California’s highest court recently delivered a major victory for the cause of justice when it ruled that “the common practice of conditioning freedom solely on whether an arrestee can afford bail is unconstitutional.” Under the state Supreme Court’s ruling, judges must now consider a person’s ability to pay when setting bail and can only hold someone in jail before trial in limited circumstances.

Fundamentally, the court echoed what criminal justice reformers — including us — have been saying for years: The right to be out of custody while awaiting trial in California should never be measured by the size of one’s pocketbook.

The court’s core argument was simple: California’s money bail system is not just illegal and unfair, it is harmful. “The disadvantages to remaining incarcerated pending resolution of criminal charges are immense and profound,” the court wrote, citing studies finding that “pretrial detention heightens the risk of losing a job, a home, and custody of a child.”

The court also highlighted data showing that “time in jail awaiting trial may be associated with a higher likelihood of reoffending,” and that “pretrial detention … forces the state to bear the cost of housing and feeding arrestees who could properly be released.”

The California Supreme Court’s verdict is clear. The moral argument won: Our money bail system is unjust, ineffective and unconstitutional. Nevertheless, more work remains.

If the Humphrey decision is our state’s declaration of principles on pretrial justice, our proposed legislation, Senate Bill 262, provides the blueprint for implementation. The bill, which recently won approval from the California Senate Public Safety Committee, works within the state’s existing bail system framework to ensure affordability and fairness, without sacrificing public safety.

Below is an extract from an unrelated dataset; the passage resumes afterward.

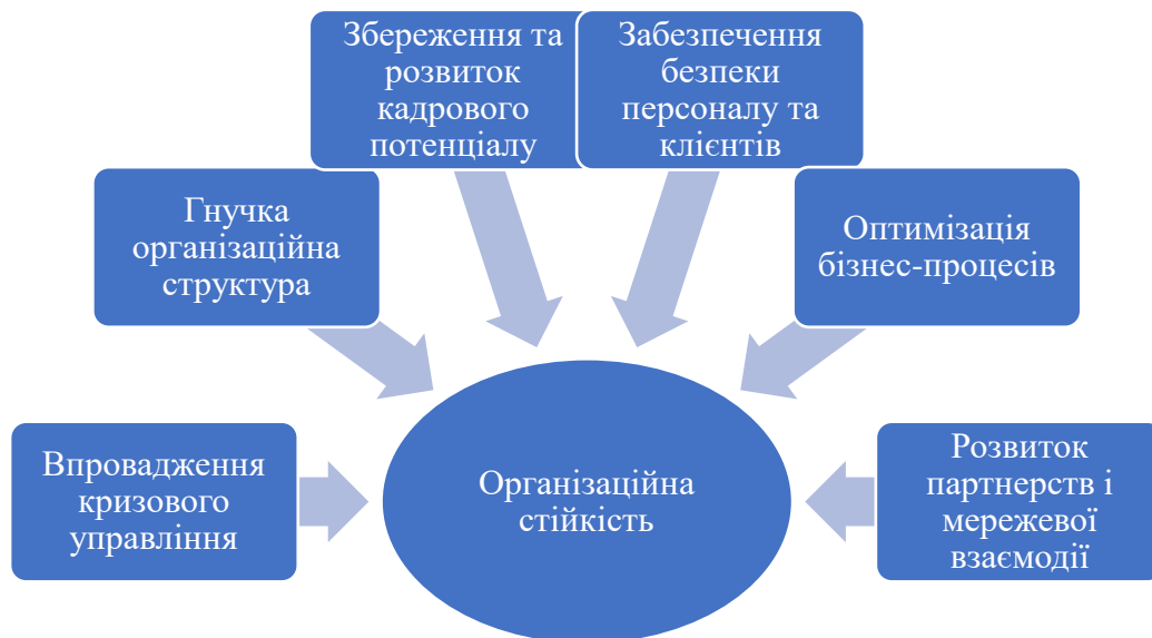
Рис. 1. Рекомендації для підвищення організаційної стійкості туристичного підприємства у воєнний період

Не менш важливим критерієм оцінки є рівень цифровізації діяльності туристичного підприємства. Активне використання онлайн-платформ, дистанційного бронювання, цифрового маркетингу та соціальних мереж дозволяє зменшити витрати, розширити аудиторію та підтримувати зв'язок зі споживачами навіть за умов обмеженої мобільності.

SB 262 establishes clear boundaries regarding the costs that judges can impose before trial.  We know these boundaries work. And with the Humphrey decision, we know the content of SB 262 will pass constitutional muster.

The legislation provides a road map for how courts put the Humphrey decision into practical effect. The legislation would eliminate bail for misdemeanors and low-level felonies. When bail is required, the legislation would require that money paid is refunded when the charges are dropped, a case has been dismissed or if the person has not missed any required court appearances.

And, like the Humphrey decision, SB 262 also states that it is the Legislature’s intent to ensure that a person is not kept behind bars pending trial simply because of their inability to afford bail.

SB 262 is based in part on the success of a temporary policy enacted by state courts last spring, which presumptively set bail for several low-level, nonviolent crimes at zero, and was ultimately so effective that 31 counties kept it in some form.

The bill also places reasonable restrictions on the fees that bail agents can charge, protecting consumers against continued predatory behavior by the bail industry. As the Supreme Court noted, California’s median bail amount is more than five times higher than the national median, forcing the large majority of people arrested (97%) to use a bail agent to secure their release.

Our current money bail system is also costly for California taxpayers. For example, just six California counties spent $37.5 million over a two-year period jailing people who were never charged or had their charges dismissed.

Why would we accept an ineffective system that allows big corporations to profiteer off the poor while California taxpayers are out millions, and none the safer?

We do not, and neither did our state’s Supreme Court. In Humphrey, the court bent the arc of history toward justice, and SB 262 will bend it further.

California Senate Majority Leader Robert Hertzberg, D-Van Nuys, and Sen. Nancy Skinner, D-Berkeley, are joint authors of SB 262.